Exactly the lines below starting at the line with "апреля 2022 года." and ending at the line with "Remove the bay" are wanted, with both ends included. Leave out the pictures and add no other lines.

**Given records**
■ ■ ■ ■ ■
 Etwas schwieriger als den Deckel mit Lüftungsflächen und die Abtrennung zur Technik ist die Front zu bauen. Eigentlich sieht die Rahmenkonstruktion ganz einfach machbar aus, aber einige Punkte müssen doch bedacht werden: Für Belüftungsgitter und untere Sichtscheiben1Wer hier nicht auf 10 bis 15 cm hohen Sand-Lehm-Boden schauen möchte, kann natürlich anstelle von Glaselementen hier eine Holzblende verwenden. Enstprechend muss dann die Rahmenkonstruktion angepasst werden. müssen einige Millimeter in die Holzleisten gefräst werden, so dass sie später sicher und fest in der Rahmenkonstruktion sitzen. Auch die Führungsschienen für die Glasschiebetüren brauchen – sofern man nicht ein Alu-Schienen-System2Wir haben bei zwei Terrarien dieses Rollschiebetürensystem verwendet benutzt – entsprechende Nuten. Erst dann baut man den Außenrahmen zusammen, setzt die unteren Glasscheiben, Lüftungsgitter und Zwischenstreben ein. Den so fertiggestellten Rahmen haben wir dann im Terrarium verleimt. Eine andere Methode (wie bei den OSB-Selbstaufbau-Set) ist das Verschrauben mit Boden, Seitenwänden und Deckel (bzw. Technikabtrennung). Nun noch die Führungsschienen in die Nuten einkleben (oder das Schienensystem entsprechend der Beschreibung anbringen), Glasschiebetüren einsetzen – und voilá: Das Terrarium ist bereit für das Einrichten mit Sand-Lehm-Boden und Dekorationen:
■ ■ ■ ■ ■
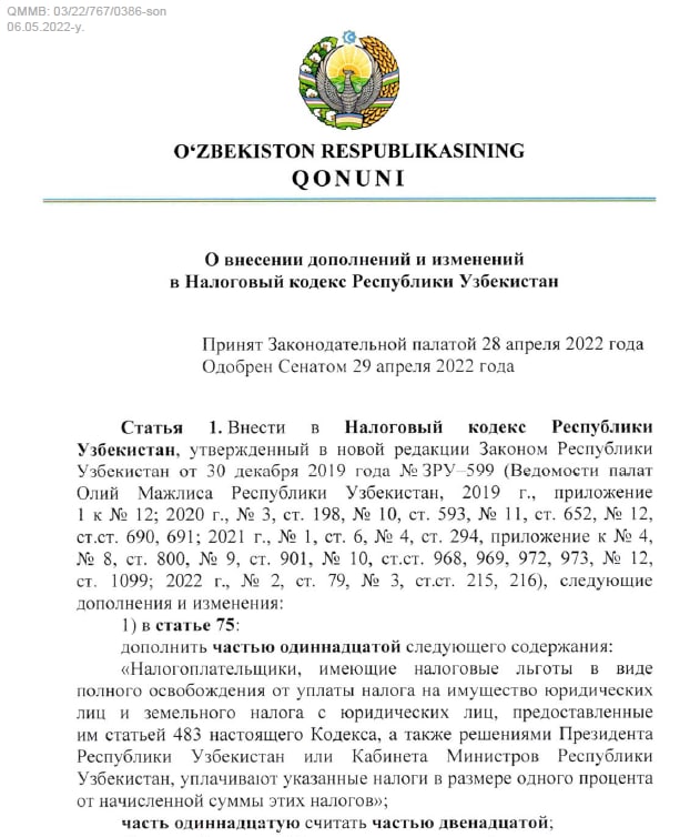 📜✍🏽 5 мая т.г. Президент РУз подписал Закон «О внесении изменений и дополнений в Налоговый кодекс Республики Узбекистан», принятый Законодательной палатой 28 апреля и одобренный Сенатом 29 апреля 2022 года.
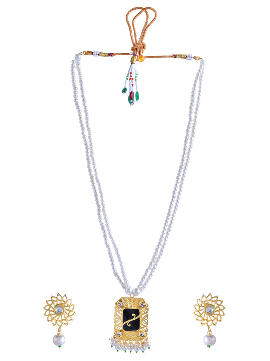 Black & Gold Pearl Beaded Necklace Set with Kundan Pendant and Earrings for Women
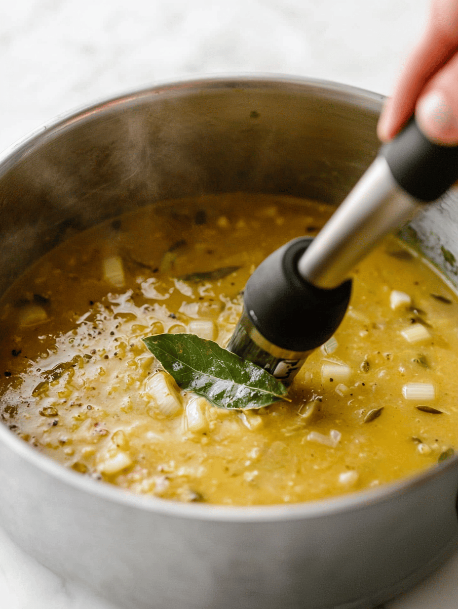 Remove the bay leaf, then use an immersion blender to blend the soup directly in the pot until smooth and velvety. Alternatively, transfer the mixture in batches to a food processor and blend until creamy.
■ ■ ■ ■ ■
**Expected answer**
 📜✍🏽 5 мая т.г. Президент РУз подписал Закон «О внесении изменений и дополнений в Налоговый кодекс Республики Узбекистан», принятый Законодательной палатой 28 апреля и одобренный Сенатом 29 апреля 2022 года.
 Black & Gold Pearl Beaded Necklace Set with Kundan Pendant and Earrings for Women
 Remove the bay leaf, then use an immersion blender to blend the soup directly in the pot until smooth and velvety. Alternatively, transfer the mixture in batches to a food processor and blend until creamy.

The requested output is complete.